The day slipped away as she spoke. It was evening now and the rush hour traffic and hubris of the city softening and morphing into the nighttime buzz. She has not touched her coffee. It has long since become cold while I have drunk a number of them.

I suggest that we go for dinner or a drink, or both. She nods and says the drink is a good idea. We wander down the street to a dingy pub that I frequent and take my favourite booth in the back.

“If only you knew what was at stake,” she continues sipping a neat bourbon, “You humans make such a fuss about animals going extinct, but you care little for the loss of the divine and all their mysteries.”

“Why haven’t you come forward,” I ask dumbfounded, “All of you. Surely if the gods walked among us, the unbelievers could not deny and things would go back to yesteryear ways of worship?”

She shakes her head sadly and drains her bourbon. She flicks her glass at a waitress, who scurries off to find a refill. She has had a couple of them by now. I have too.

“Do you believe that I am an angel?” she asks simply, looking deeply into my eyes. Her eyes are intensely blue and my heart skips a beat.

“Uhm uh,” I stutter, “no… No, I don’t really.” I have to concede to that fierce, beautiful gaze.

“And therein lies the irony, by revealing myself I am no longer divine. By taking my mortal form, I am now mortal. Because I am no longer divine, I cannot prove to you that I ever was. Divinity and mystery are like shadows and sunset. If you shine a light bright enough into either, they simply cease to exist.”

A single tear runs down her cheek at this point. I was so entranced by her that I had not noticed her sorrow. I suddenly imagine what it must feel like to believe that you are a fallen angel, but that no one believes you. It must be tragic, and I reach over and squeeze her hand reassuringly.

She startles at my touch, but then looks up at me and smiles.

“You have a kind heart,” she says, wiping away the tear, “It comforts this old warrior to be around you.”

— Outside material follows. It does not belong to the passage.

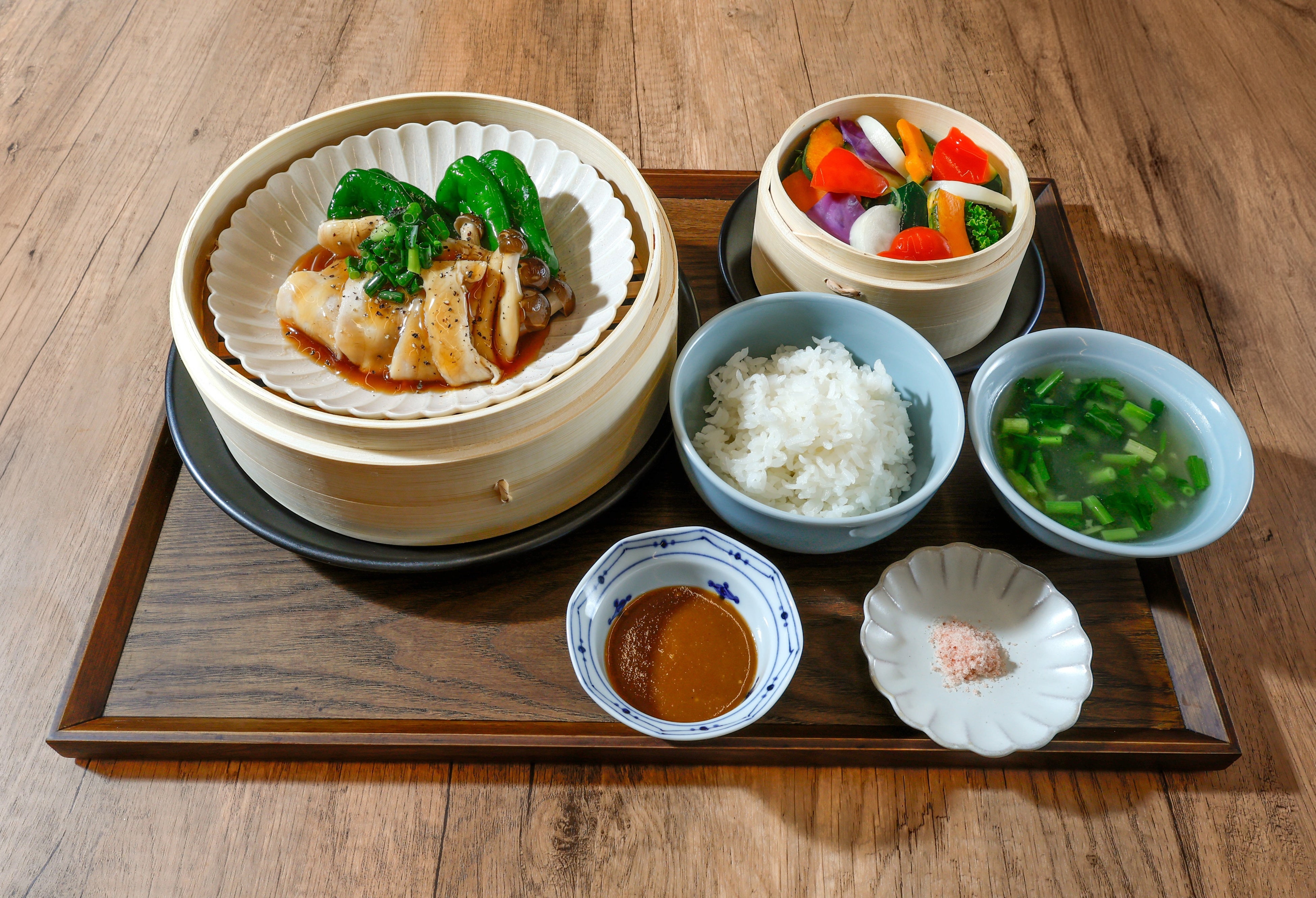 せいろでごはんの定食一品料理にご飯、スープ、蒸し野菜がついたバランスの良い体にやさしい定食です。あつあつのお料理を、せいろにのったままお客様の元へお届けいたします。

Later that night, after she has left my room, I lie awake thinking. Thoughts of gods and monsters, men and beasts, and angels and demons all swirl around my mind. I try imagine what sheer agony falling from heaven must entail while remembering her touch…

Eventually, I get up and walk to my apartment window. Far above, the stars are twinkling, and far below countless legions of men are moving. What a surreal day, I think to myself, what a surreal night.

Suddenly, I see a shooting star’s fading form flickering in the night sky above and beyond the city’s pollution. It silently streaks down to disappear into nothing. My heart skips a beat and I cannot help but wonder if it was an angel falling to Earth.